I recently bought an import glass scale DRO set for my PM-25MV.  I'll try to remember to post some pictures as I proceed.  I'll start with the X axis, I plan to mount it to the front of the table.  For the Y axis, I'll be doing something very similar to what brav65 did.  I'll cross the Z axis bridge when I get there. 

My plan for the X axis is to mount the scale using the front T-slot.  It lines up in a good position, so no trouble there.  The plan is to clamp some 123 blocks to the table surface, use the aluminum guard as a spacer, and some clamps to pull the scale up tight to the blocks.  That should put the surface of the guard perfectly aligned with the top of the table.  I'll screw the guard down to the scale ends using some button head screws.  They'll stick up a little, but only one at each end.

I tried to find a good way to attach the read head using existing holes, but I didn't find a layout that I liked.  My next thought is to drill into the saddle and screw the read head directly to it.  The head has a pair of M5 threaded through holes facing the right direction.  An M4 screw will slip right through, so I bought some M4 screws and tap.

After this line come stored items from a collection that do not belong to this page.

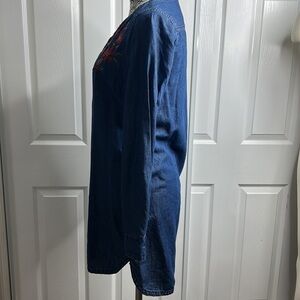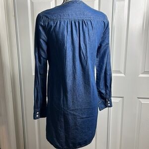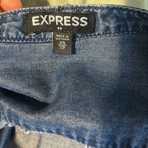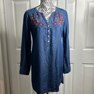 Express Embroidered Blue Pullover Button Dress XS V Neck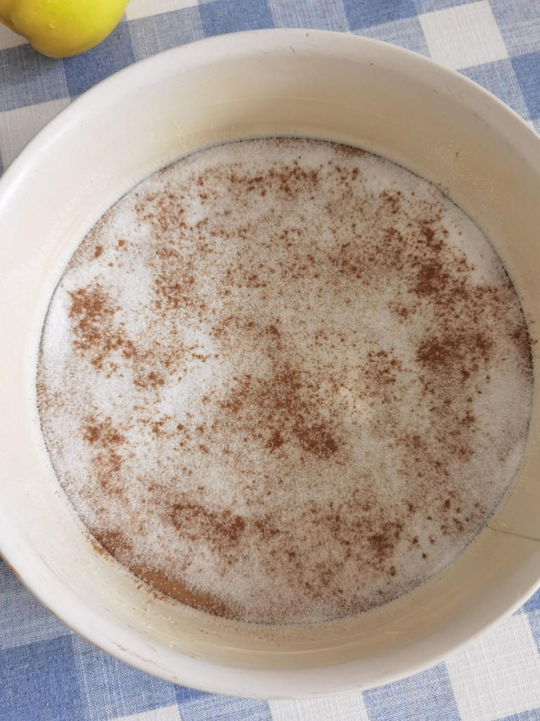 Фурната загрях на 170 градуса. Дъното на форма с махащ се ринг и диаметър 27 см. покрих с хартия за печене, сложих и стегнах ринга и изрязах излишната хартия, която остана отвън. Стените на ринга намазах с масло, а върху хартията на дъното поръсих със захарта и канелата. Моята форма има дъно с улей, но ако вашата няма, сложете някаква широка тавичка под нея, в случай че потече карамел или тесто.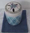 床机に置かれたお干菓子。最終日はお客様からいただいた手作りの落雁(このサイズでは白と薄セルリアンブルーの美しさが判らないのが残念。形も綺麗。)と、今月のおすすめのワインの金平糖。
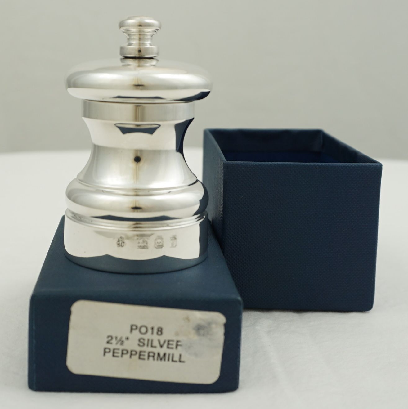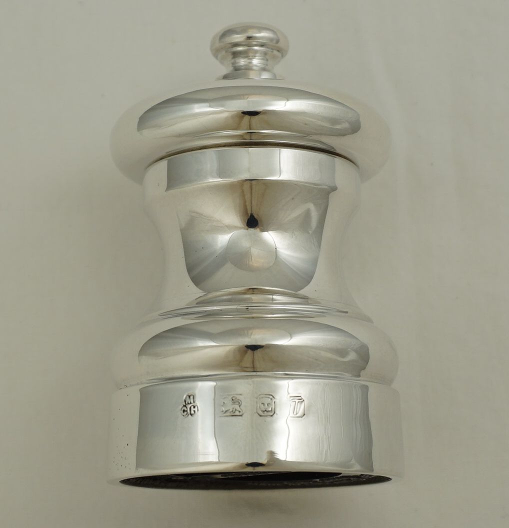 | DESCRIPTION | Boxed, 'as new' unused English compact sterling silver grinder, ideal for daily use, special occasions, or adding to a luxury picnic hamper. These pepper mills use a carbon steel mechanism and have an acrylic lining to prevent corrosion. Adjustable from fine to coarse grind. Hersey & Son currently sell this pepper mill for £210. |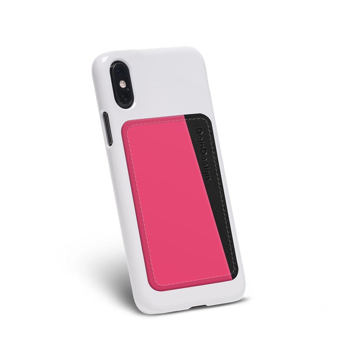 We advise to clean your phone case with a soft cloth and a mild detergent first. On the back of the card holder you will find an adhesive strip. Pull off the protective film and press the card holder firmly against the phone case – that’s it!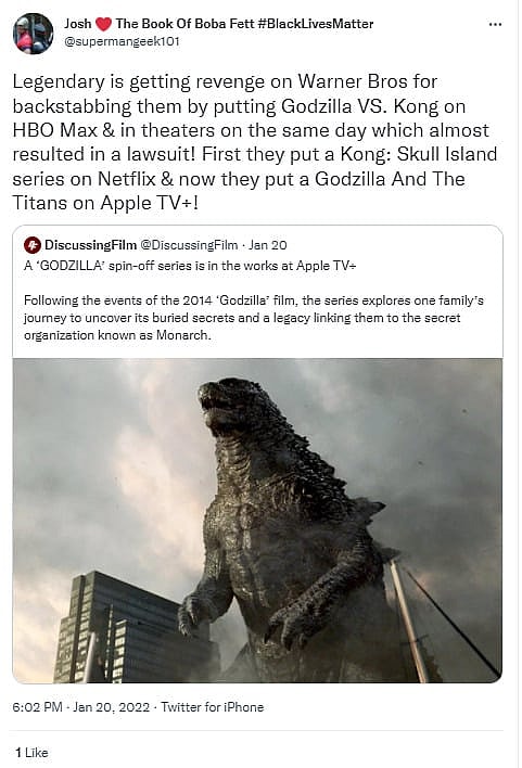 Others identify the cause as Legendary wanting revenge for Warner’s protectionary maneuvers when finally releasing GVK in theaters and on streaming last year that kept Legendary from selling their film to Netflix.

I won't lie - I'm afraid of drilling into my machine and breaking off a tap.  I've tapped a few things, and I've broken a few taps, so I don't have the best track record.  Would I be better off drilling out those M5 threads to a clearance hole and using a larger screw and tap, which would hopefully be more robust?

Questions:
1) Does the mounting plan for the X axis seem reasonable?  Any problems that I'm not seeing?
2) What do you think about the screw and tap size?
3) Any tips on drilling and tapping into the machine?  I would be mightily disappointed if I screwed it up.  It would be repairable, but I'd still be ****** at myself.

Many thank!

Paul


----------



## markba633csi (Jun 13, 2016)

Why can't you just use the M5 threaded holes as is? Get some M5 screws and done.  
Right? 
Mark S.


----------